Apropos physical consciousness and health


(A conversation recorded on 19th July, 1943)



Disciple: A has written to someone in Bengal that the vital being in man is responsible for diseases and that the body has no part in it. What do you think of it?

Sri Aurobindo: You can say “matter” knows nothing about good and bad or sick and healthy. But the human body, I mean the physical consciousness, is not “matter”. It is conscious, and therefore it can have its own responsibility with regard to diseases.

Disciple: It seems A’s stand-point referred to repentance and expiation. He wanted to say that to punish the body for the faults of the vital being or of the mind was to punish John for Jack.

Sri Aurobindo: One may differ on that point too. To consider as if the body, the vital and the mind were so cut off from each other as not to have any mutual reaction is not true. So the physical can react on the vital being.

Disciple: But the physical being in us is not as conscious as the vital or the mental being.

Sri Aurobindo: The physical may be said to be more inconscient than the other parts, but that would not prevent it from exerting a very powerful influence on the other parts.

Besides, the decision to fast, or to do physical Tapasya, is taken by the vital and the mental being in man. It is not the body that takes the decision.

Disciple: But in the psychological paths of yoga physical Tapasya is not regarded as necessary.

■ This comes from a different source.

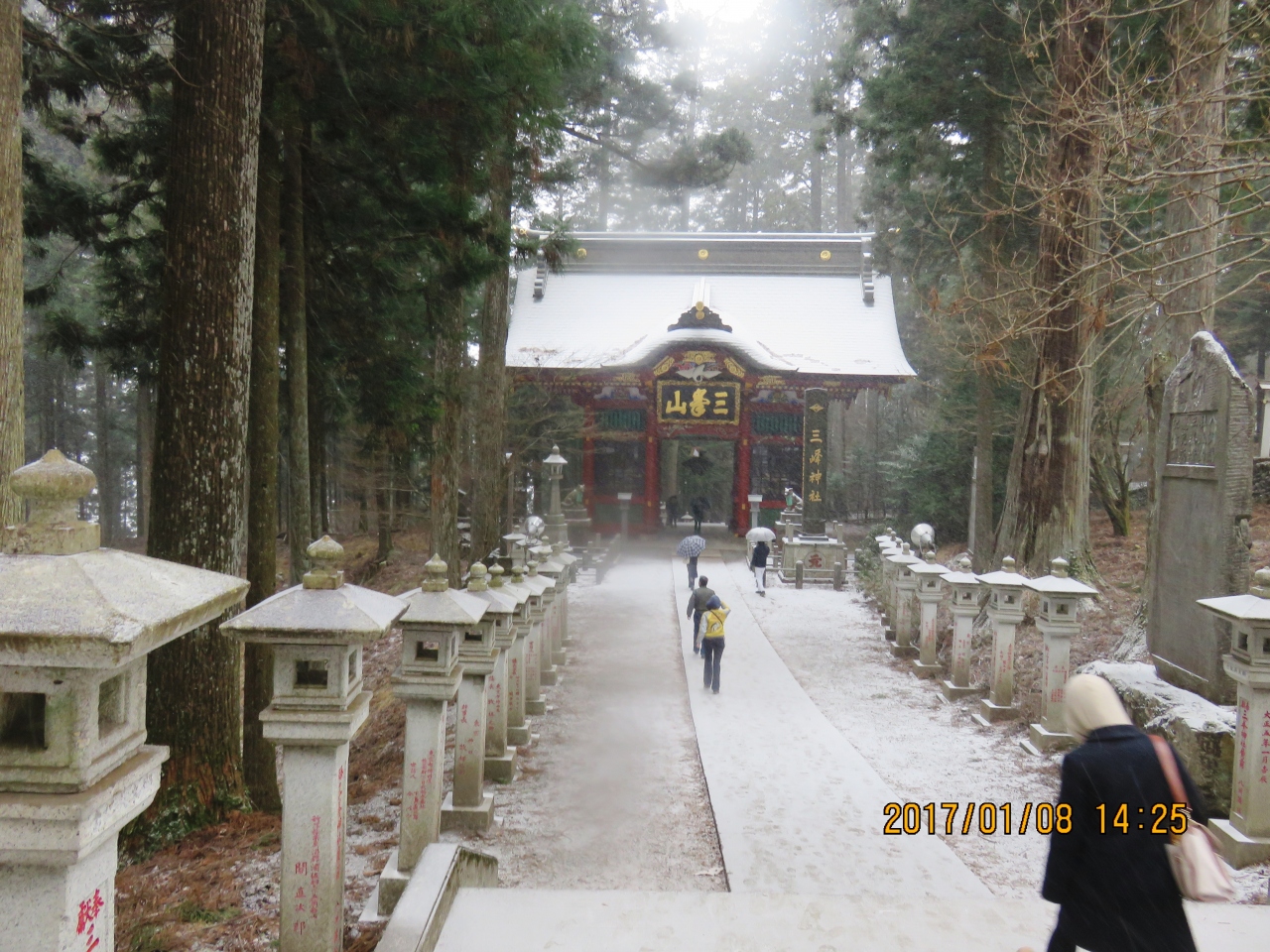 初めてでしたが行ってみようと決意し午後から行きました。80㎞の道のりです。ダムの上を走り山道に入るとどんどん上ります。結構交通量がありました。駐車場普通車510円 駐車場から15分の看板があり上っていくと珍しい三つくっついた鳥居です。さらに上っていくとて立派なきれいな門があり少し下ってから階段を上ると本殿です。前にご神木がそびえたっています。ゆっくり隅々見たかったのですが次回天気のいい時にまた来たいと思います。霧があったほうが幻想的でいいらしいですが。お守りは大人気です。

Sri Aurobindo: The reason why physical Tapasya, or mortification of the flesh, is not considered effective or is discouraged, is that by itself it is not sufficient to bring about a change in the vital or in the mind. You may do Tapasya all right and yet the vital may remain absolutely unchanged.

Such a change can be more easily brought about by the consciousness acting directly without resorting to physical means. Consciousness has a more direct means of bringing about required change.

There is another reason for this discouragement: physical Tapasya, when properly done, brings about a great increase in energy, and then the result of it depends upon who takes hold of the energy. Generally it is seen that wrong forces take hold of this energy. In exceptional cases only can one go through without disaster.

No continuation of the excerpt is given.